This example is simplified version of an example from MKL. The expanded version can be found here: $MKL_EXAMPLES/mic_ao/blasc/source/sgemm.c

To compile a code using Intel compiler use:

$ icc -mkl sgemm-ao-short.c -o sgemm

For debugging purposes enable the offload report to see more information about automatic offloading.

$ export OFFLOAD_REPORT=2

The output of a code should look similar to following listing, where lines starting with [MKL] are generated by offload reporting:

[user@r31u03n799 ~]$ ./sgemm 
Computing SGEMM on the host
Enabling Automatic Offload
Automatic Offload enabled: 2 MIC devices present
Computing SGEMM with automatic workdivision
[MKL] [MIC --] [AO Function]    SGEMM
[MKL] [MIC --] [AO SGEMM Workdivision]    0.44 0.28 0.28
[MKL] [MIC 00] [AO SGEMM CPU Time]    0.252427 seconds
[MKL] [MIC 00] [AO SGEMM MIC Time]    0.091001 seconds
[MKL] [MIC 00] [AO SGEMM CPU->MIC Data]    34078720 bytes
[MKL] [MIC 00] [AO SGEMM MIC->CPU Data]    7864320 bytes
[MKL] [MIC 01] [AO SGEMM CPU Time]    0.252427 seconds
[MKL] [MIC 01] [AO SGEMM MIC Time]    0.094758 seconds
[MKL] [MIC 01] [AO SGEMM CPU->MIC Data]    34078720 bytes
[MKL] [MIC 01] [AO SGEMM MIC->CPU Data]    7864320 bytes
Done

Behavioral of automatic offload mode is controlled by functions called within the program or by environmental variables. Complete list of controls is listed here.

Automatic offload example #2

In this example, we will demonstrate automatic offload control via an environment vatiable MKL_MIC_ENABLE. The function DGEMM will be offloaded.

At first get an interactive PBS session on a node with MIC accelerator.
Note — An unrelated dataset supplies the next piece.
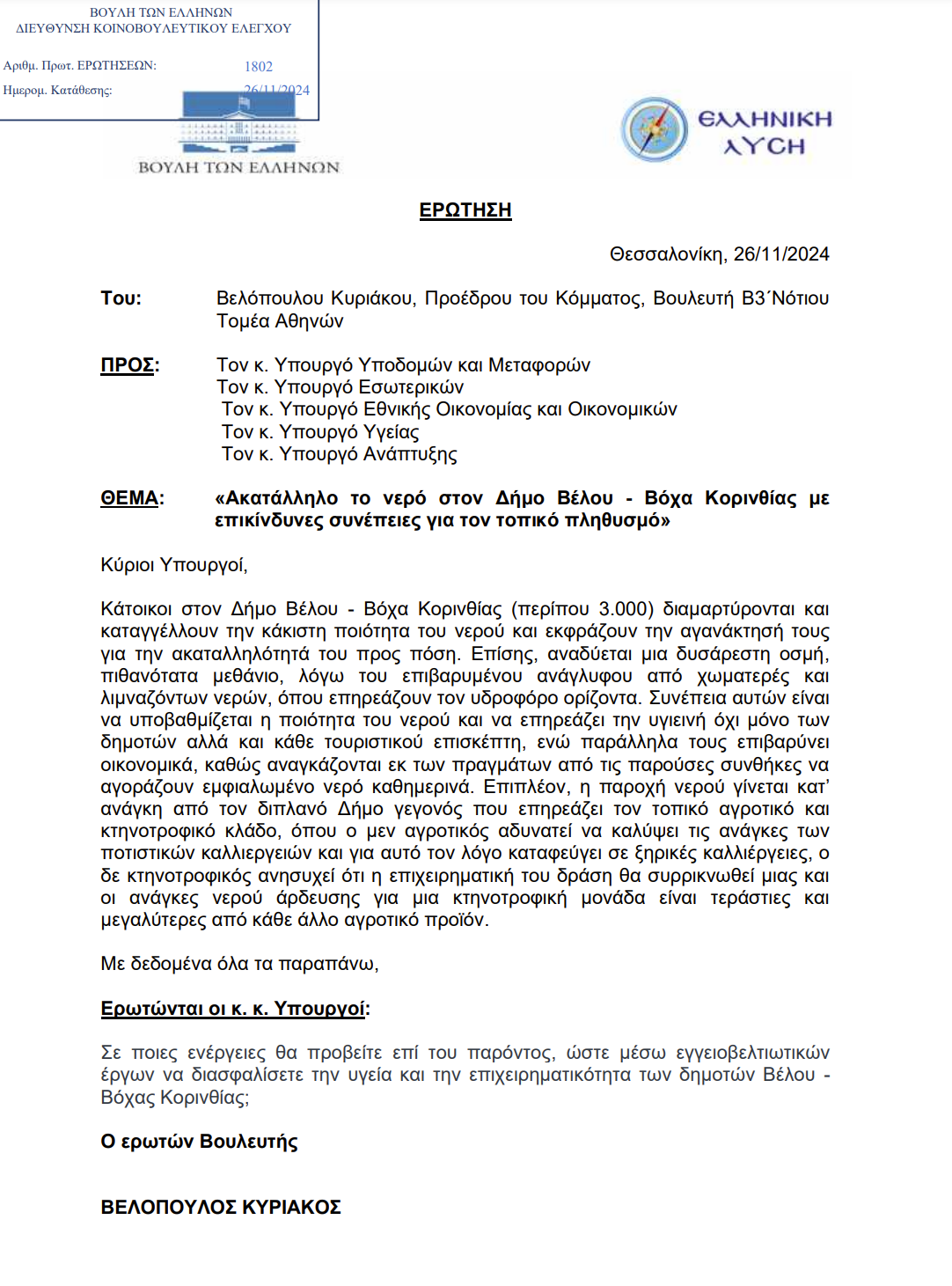 Με επίκαιρη ερώτηση που κατέθεσε στην Ελληνική Βουλή, ο πρόεδρος της Ελληνικής Λύσης Κυριάκος Βελόπουλος ζητάει εξηγήσεις για τo ακατάλληλο το νερό στον Δήμο Βέλου – Βόχας, που έχει επικίνδυνες συνέπειες για τον τοπικό πληθυσμό.

$ qsub -I -q qprod -l select=1:ncpus=24:accelerator=True:naccelerators=2:accelerator_model=phi7120 -A NONE-0-0

Once in, we enable the offload and run the Octave software. In octave, we generate two large random matrices and let them multiply together.

$ export MKL_MIC_ENABLE=1
$ export OFFLOAD_REPORT=2
$ ml Octave/3.8.2-intel-2015b
$ octave -q
octave:1> A=rand(10000);
octave:2> B=rand(10000);
octave:3> C=A*B;
[MKL] [MIC --] [AO Function]    DGEMM
[MKL] [MIC --] [AO DGEMM Workdivision]    0.14 0.43 0.43
[MKL] [MIC 00] [AO DGEMM CPU Time]    3.814714 seconds
[MKL] [MIC 00] [AO DGEMM MIC Time]    2.781595 seconds
[MKL] [MIC 00] [AO DGEMM CPU->MIC Data]    1145600000 bytes
[MKL] [MIC 00] [AO DGEMM MIC->CPU Data]    1382400000 bytes
[MKL] [MIC 01] [AO DGEMM CPU Time]    3.814714 seconds
[MKL] [MIC 01] [AO DGEMM MIC Time]    2.843016 seconds
[MKL] [MIC 01] [AO DGEMM CPU->MIC Data]    1145600000 bytes
[MKL] [MIC 01] [AO DGEMM MIC->CPU Data]    1382400000 bytes
octave:4> exit

On the example above we observe, that the DGEMM function workload was split over CPU, MIC 0 and MIC 1, in the ratio 0.14 0.43 0.43. The matrix multiplication was done on the CPU, accelerated by two Xeon Phi accelerators.

Native Mode

In the native mode a program is executed directly on Intel Xeon Phi without involvement of the host machine. Similarly to offload mode, the code is compiled on the host computer with Intel compilers.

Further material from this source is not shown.